▶ **PROMPT**
Below are records with pictures. Reproduce exactly the lines from the line with "Básico e versátil" to the line with "Welcome to this", inclusive, and leave each picture out.

---- THE DATA

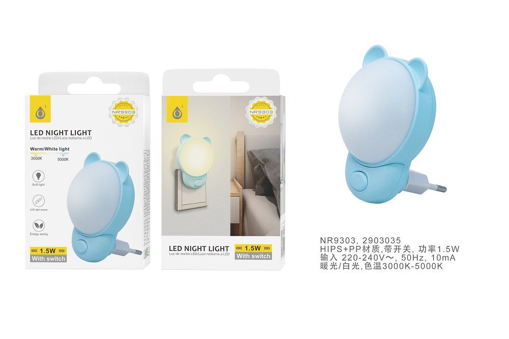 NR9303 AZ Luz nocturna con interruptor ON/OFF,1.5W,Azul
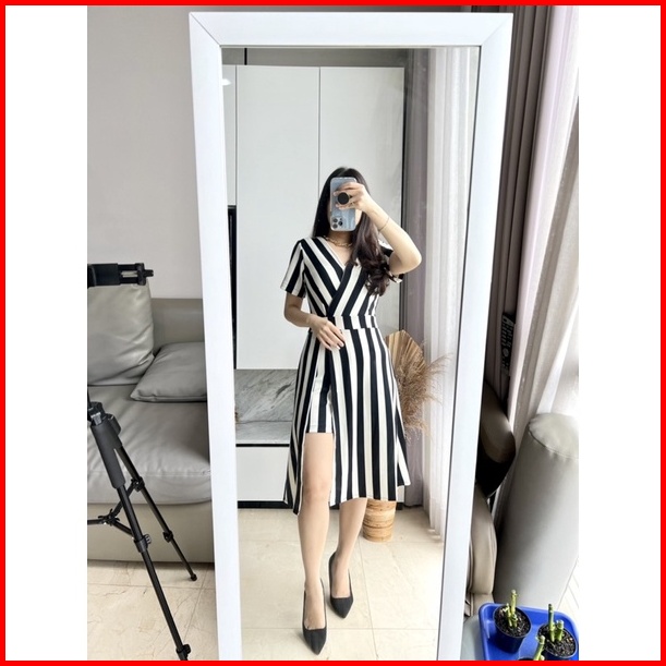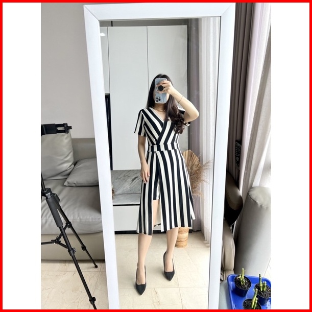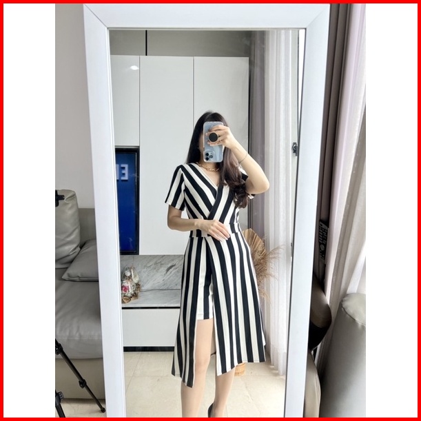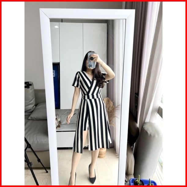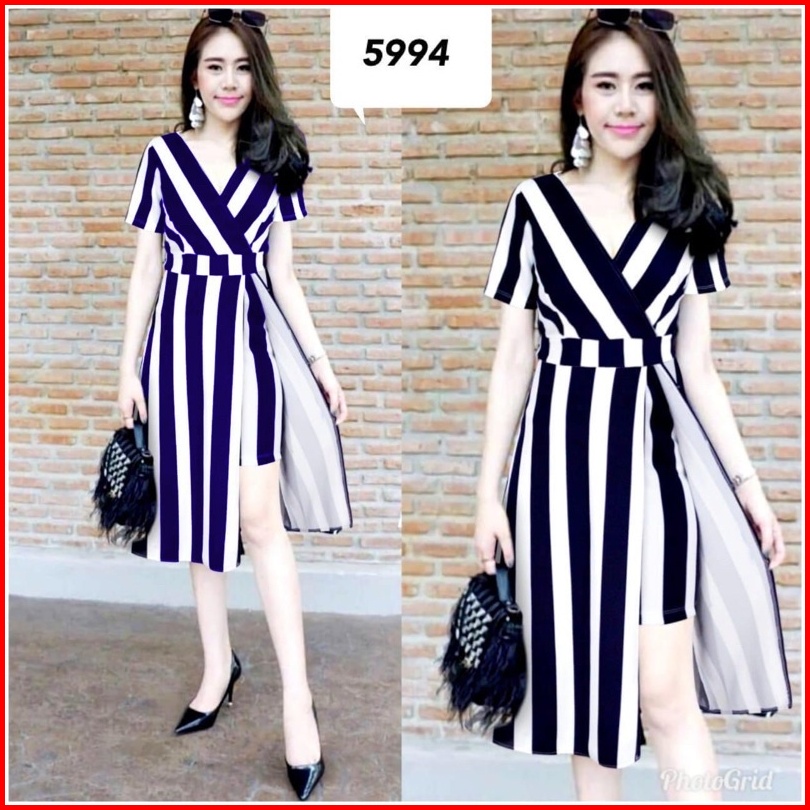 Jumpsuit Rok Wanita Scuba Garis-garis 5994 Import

--------
---- THE DATA

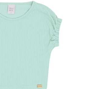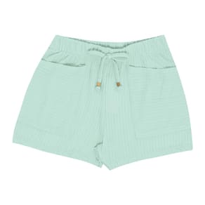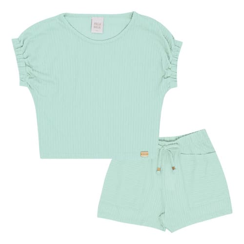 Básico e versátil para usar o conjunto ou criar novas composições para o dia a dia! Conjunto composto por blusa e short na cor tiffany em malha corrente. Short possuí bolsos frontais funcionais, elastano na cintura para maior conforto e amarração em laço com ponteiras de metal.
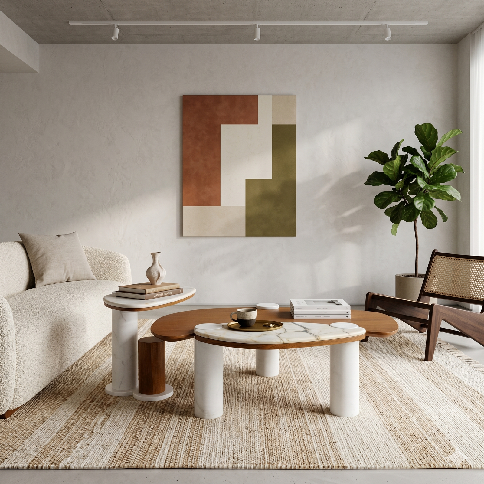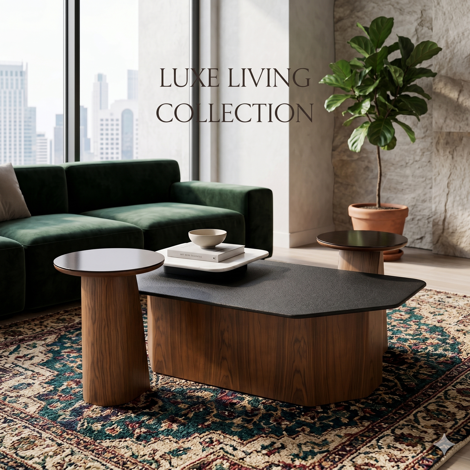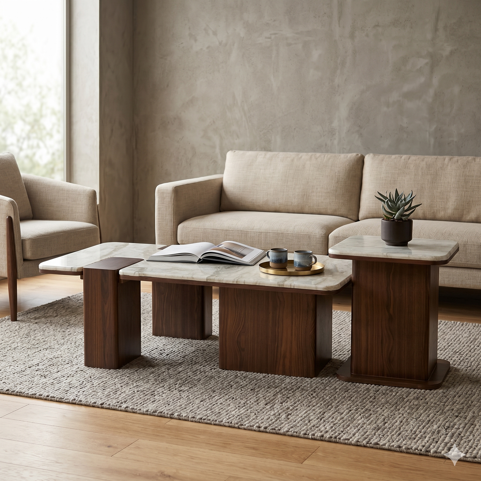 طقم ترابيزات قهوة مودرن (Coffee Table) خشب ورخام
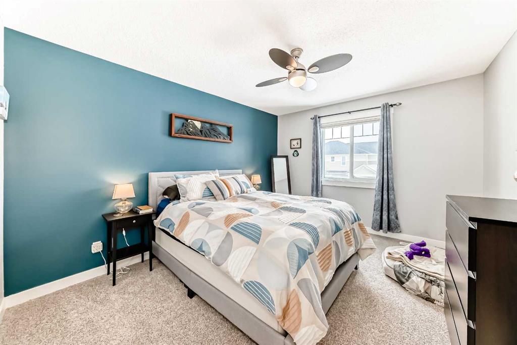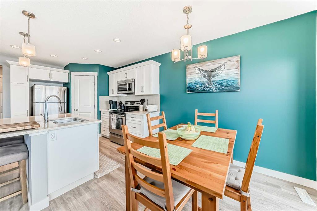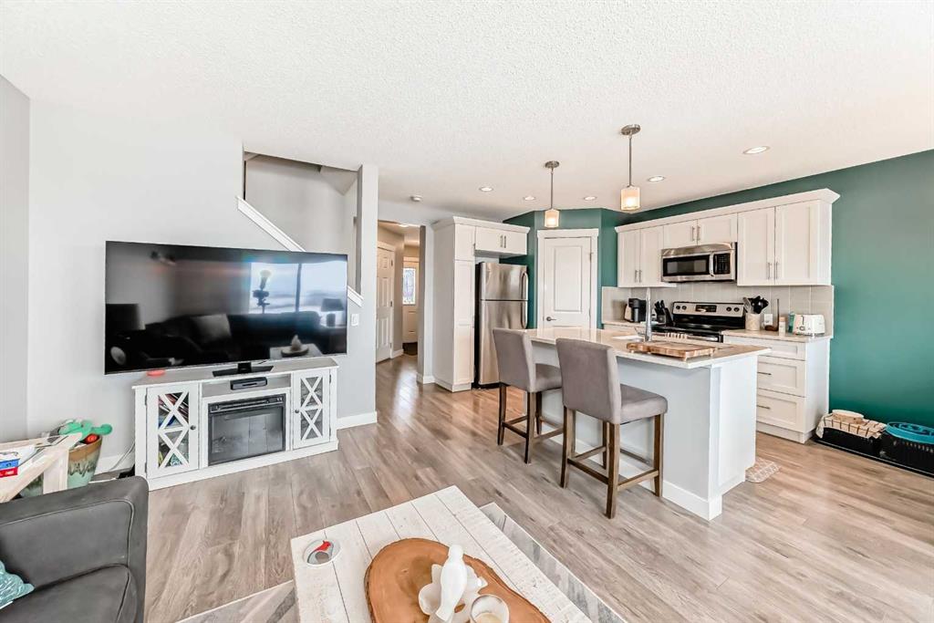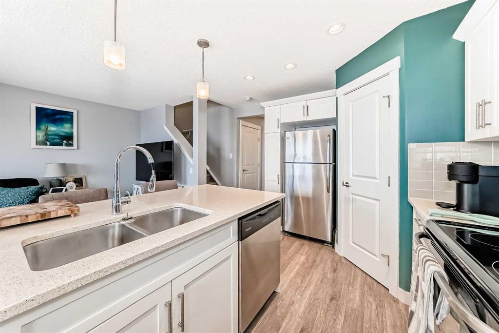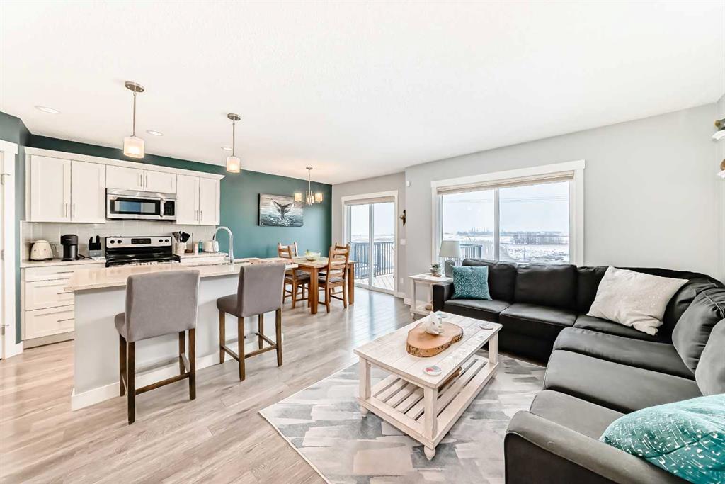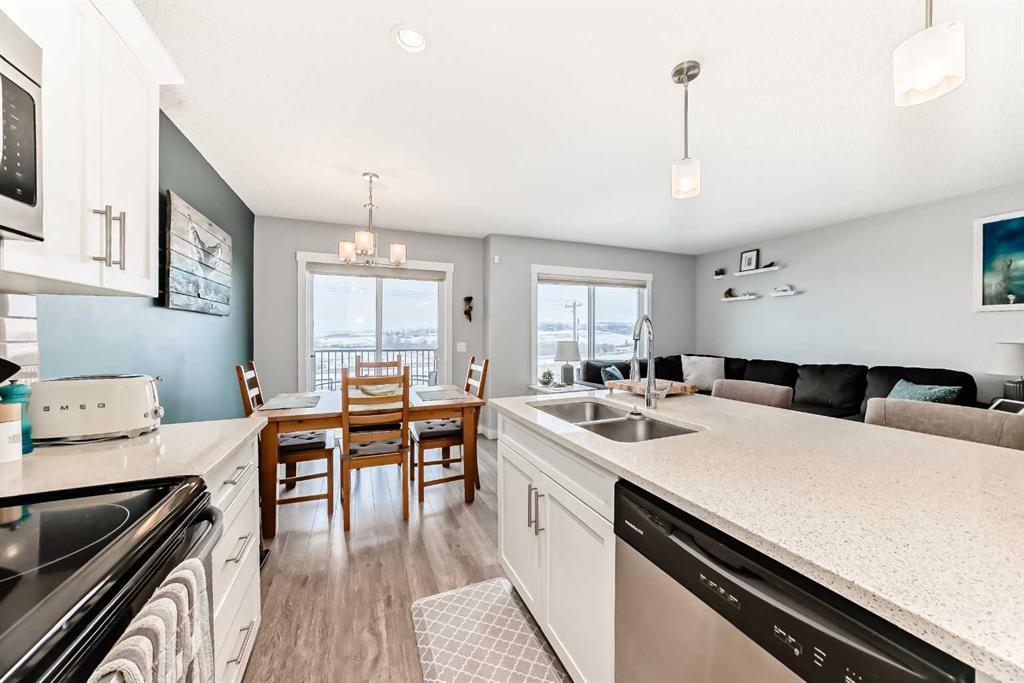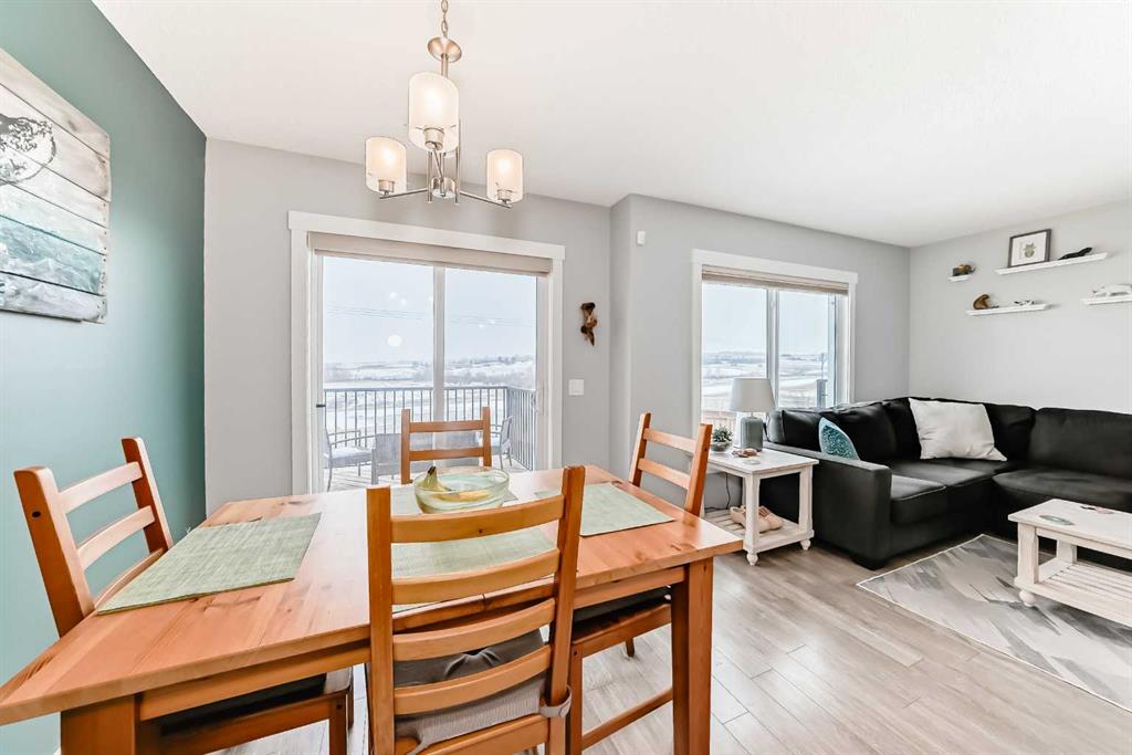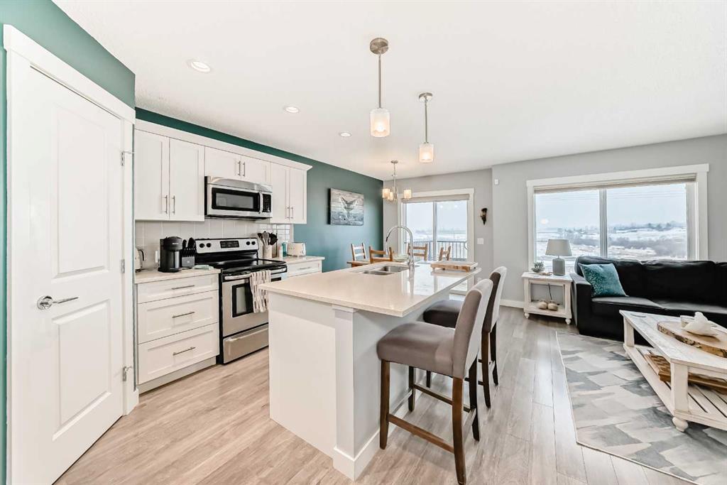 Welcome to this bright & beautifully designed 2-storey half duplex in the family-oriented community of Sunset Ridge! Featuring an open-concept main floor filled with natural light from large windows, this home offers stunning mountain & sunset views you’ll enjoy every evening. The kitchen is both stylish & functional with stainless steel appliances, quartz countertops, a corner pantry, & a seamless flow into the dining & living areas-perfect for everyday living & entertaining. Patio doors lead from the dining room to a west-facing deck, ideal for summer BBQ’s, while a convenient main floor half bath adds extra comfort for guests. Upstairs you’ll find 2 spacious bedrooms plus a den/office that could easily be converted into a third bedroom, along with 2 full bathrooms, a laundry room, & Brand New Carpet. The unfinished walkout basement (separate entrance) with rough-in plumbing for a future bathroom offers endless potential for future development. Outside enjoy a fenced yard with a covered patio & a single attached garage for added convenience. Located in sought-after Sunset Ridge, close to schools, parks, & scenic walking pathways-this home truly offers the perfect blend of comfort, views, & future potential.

--------

▶ **RESULT OF THE TASK**
 Básico e versátil para usar o conjunto ou criar novas composições para o dia a dia! Conjunto composto por blusa e short na cor tiffany em malha corrente. Short possuí bolsos frontais funcionais, elastano na cintura para maior conforto e amarração em laço com ponteiras de metal.
 طقم ترابيزات قهوة مودرن (Coffee Table) خشب ورخام
 Welcome to this bright & beautifully designed 2-storey half duplex in the family-oriented community of Sunset Ridge! Featuring an open-concept main floor filled with natural light from large windows, this home offers stunning mountain & sunset views you’ll enjoy every evening. The kitchen is both stylish & functional with stainless steel appliances, quartz countertops, a corner pantry, & a seamless flow into the dining & living areas-perfect for everyday living & entertaining. Patio doors lead from the dining room to a west-facing deck, ideal for summer BBQ’s, while a convenient main floor half bath adds extra comfort for guests. Upstairs you’ll find 2 spacious bedrooms plus a den/office that could easily be converted into a third bedroom, along with 2 full bathrooms, a laundry room, & Brand New Carpet. The unfinished walkout basement (separate entrance) with rough-in plumbing for a future bathroom offers endless potential for future development. Outside enjoy a fenced yard with a covered patio & a single attached garage for added convenience. Located in sought-after Sunset Ridge, close to schools, parks, & scenic walking pathways-this home truly offers the perfect blend of comfort, views, & future potential.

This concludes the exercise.